BEGIN
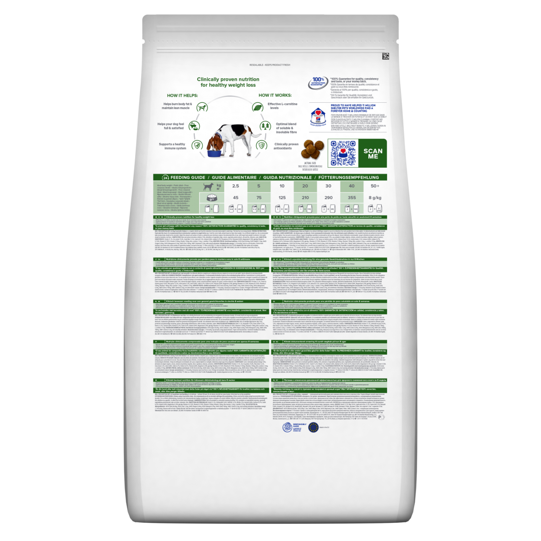 I nutrizionisti e i veterinari di Hill's hanno sviluppato la nutrizione clinica Prescription Diet r/d appositamente formulata per supportare la perdita di peso dei cani. Infatti, r/d è un alimento clinicamente testato per una sana perdita di peso in sole 8 settimane. Questo alimento secco è fatto con pollo e ha un gusto irresistibile che il tuo cane adorerà.
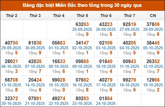 Thống kê GĐB XSMB theo tổng trong 30 ngày gần đây tính đến 25/10/2025
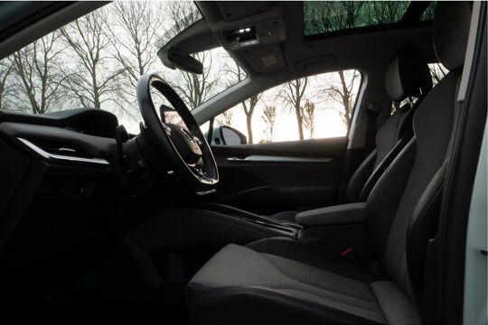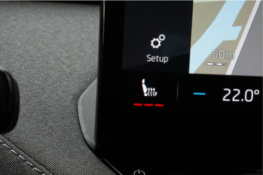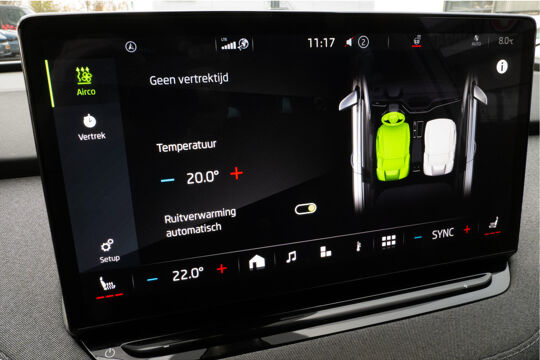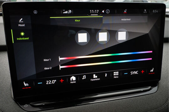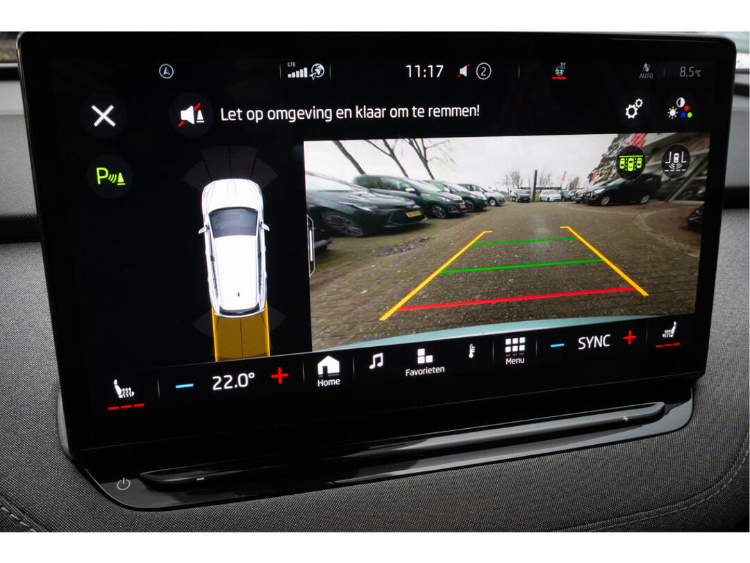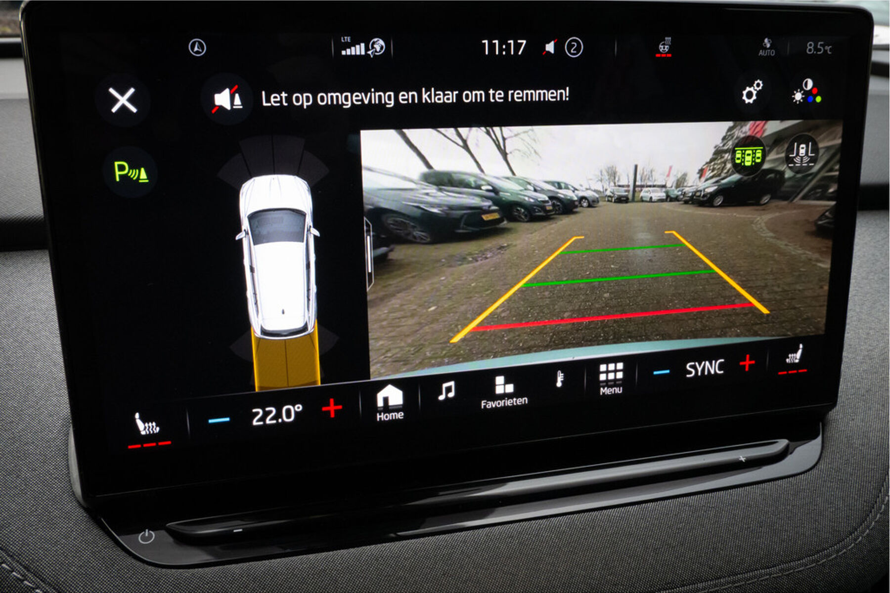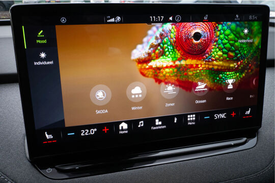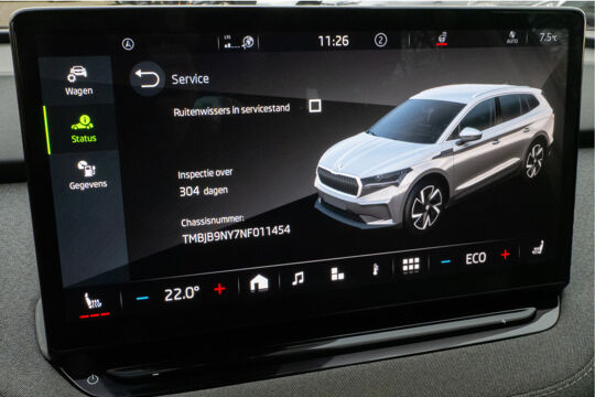 De ŠKODA Enyaq iV is ook voorzien van ADAS. Deze Advanced Driver Assistence Systems fungeren als extra ogen en oren: ze houden voor u de weg in de gaten en grijpen in wanneer dat nodig is. Het Lane-keeping systeem registreert permanent of u binnen de lijnen van de rijstrook blijft; dwaalt u onbedoeld af, dan waarschuwt het systeem en corrigeert de koers. De forward collision warning reduceert het gevaar van een botsing met een voorligger significant. In deze ŠKODA vinden we verder een dodehoekdetectie, autonoom remsysteem en bandenspanningcontrolesysteem.
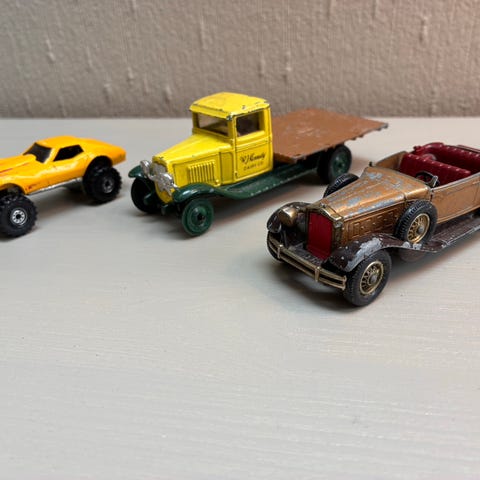 Veteran biler selges samlet eller hver for seg. En merket guisval og den andre merket tomica. Noe bruksmerker kan forekomme. Selges som de er. Se bilder.
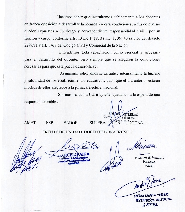 "Hacemos saber que instruiremos debidamente a lxs Docentes en franca oposición a desarrollar la jornada en esta condiciones, a fin de que no queden expuestos a un riesgo ni lxs Trabajadorxs de la Educación ni lxs alumnxs", se enfatizó en la presentación.
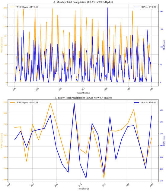 Model calibration and validation are critical to assess the accuracy of the WRF-Hydro model in simulating streamflow and overall water balance components. Observed streamflow data from in situ monitoring stations were used to calibrate and validate the model. Model performance was evaluated using statistical metrics such as the Nash-Sutcliffe Efficiency (NSE), Root Mean Square Error (RMSE), and Bias [67,68]. These metrics help assess how well the model replicates observed streamflow and identify discrepancies in simulated water balance components. This validation process ensures that the WRF-Hydro model provides reliable simulations for water yield and extreme event prediction. Streamflow data, measured at gauging stations, are critical for validating model simulations of river discharge and assessing the overall water balance within basins [65,69,70].
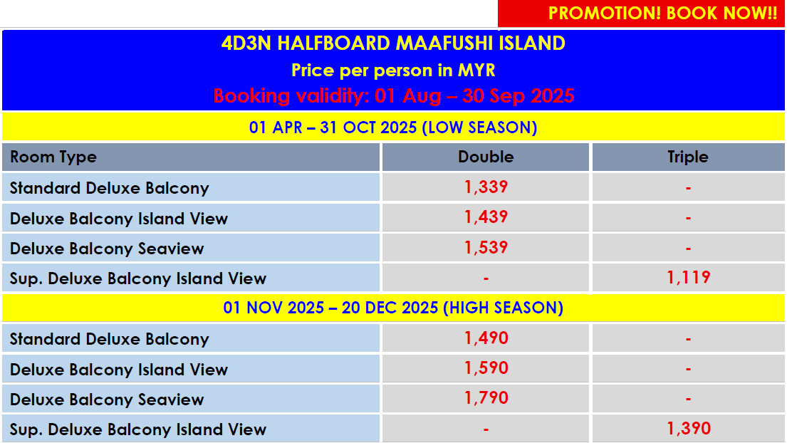 - From Male Airport – 09:15am, 13:15pm, 17:15pm ONLY.
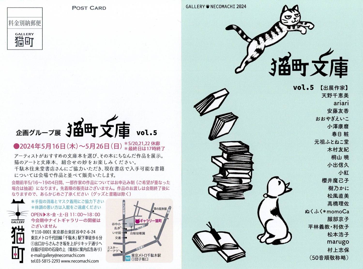 | ◆企画グループ展「猫町文庫vol.5」◆ 時:2024年5月16日(木)~5月26日(日) 5/20.・21・220は休廊 11:00~18:00 所:ギャラリー猫町 〒110-0001東京都台東区谷中 2-6-24 03-5815-2293 毎回大好評の猫町文庫。 作家一人が一冊自分の好きな文庫本を選んでその本と 猫ににまつわる作品を1~3点出品するという企画です。 ※クリックすると大きな画像でご覧いただけます。 ※お陰様で終了しました、来場下さいました方有り難うございました。 |
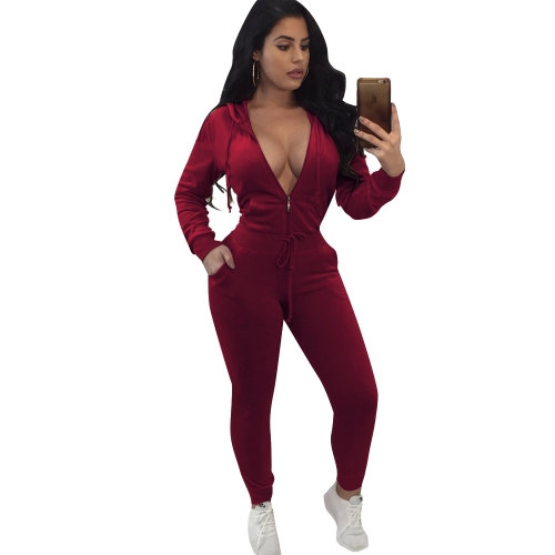 features a hooded top with zip closure to front, full sleeves and a tracksuit pant with adjustable drawstring to the waist. Its a great suit for fitness and casual occasions.
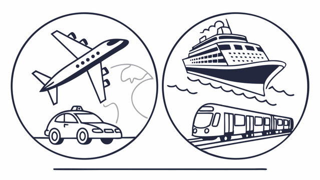 Travel and Transportation Icons Airplane Taxi Cruise Ship Train for Global Journeys Logistics Tourism and Commuting Services Efficient Mobility
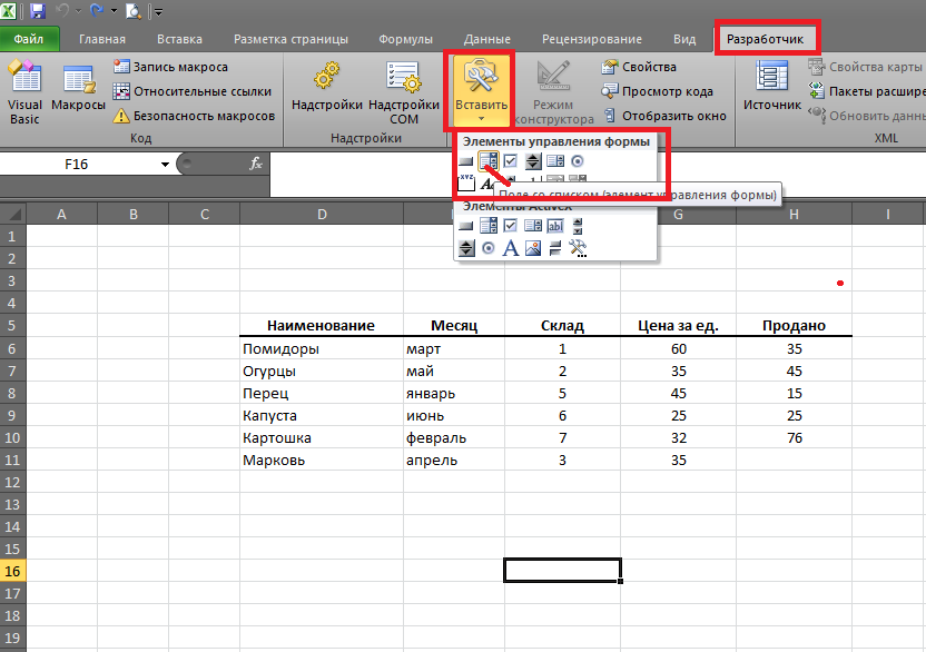 Способ 3 В данном способе мы будем вставлять на лист новый объект с привязкой к диапазоном на листе. Что будем делать: 1. Открываем вкладку Разработчик. Если так получилось ,что этой вкладки не видно, то для: - Excel 2007 нажимаем на кнопку Офис – Параметры Excel –флажок Отображать вкладку Разработчик на ленте - Excel2010-2013 щелкните правой кнопкой мыши по ленте, выбираем команду Настройка ленты и включаем отображение вкладки Разработчик. 2. На панели нажимаем на значок выпадающего списка в элементах управления форм – Поле со списком, щелкните по значку и нарисуйте небольшой горизонтальный прямоугольник –будущий список. Чтобы рисовать ровно по границам ячеек удерживаем клавишу Alt 3. Щелкните по нарисованному списку правой кнопкой мыши и выбираете команду Формат объекта, появится диалоговое окно, в данном окне задайте: Формировать список по диапазону –выделите ячейки с наименованиями товаров, которые должны попасть в список Связь с ячейкой – укажите ячейку, куда нужно выводить поря
END
Going by the data above, give back only the lines from the one containing "- From Male" through the one containing "Travel and Transportation", exactly as they stand, both ends included and no images.

 - From Male Airport – 09:15am, 13:15pm, 17:15pm ONLY.
 | ◆企画グループ展「猫町文庫vol.5」◆ 時:2024年5月16日(木)~5月26日(日) 5/20.・21・220は休廊 11:00~18:00 所:ギャラリー猫町 〒110-0001東京都台東区谷中 2-6-24 03-5815-2293 毎回大好評の猫町文庫。 作家一人が一冊自分の好きな文庫本を選んでその本と 猫ににまつわる作品を1~3点出品するという企画です。 ※クリックすると大きな画像でご覧いただけます。 ※お陰様で終了しました、来場下さいました方有り難うございました。 |
 features a hooded top with zip closure to front, full sleeves and a tracksuit pant with adjustable drawstring to the waist. Its a great suit for fitness and casual occasions.
 Travel and Transportation Icons Airplane Taxi Cruise Ship Train for Global Journeys Logistics Tourism and Commuting Services Efficient Mobility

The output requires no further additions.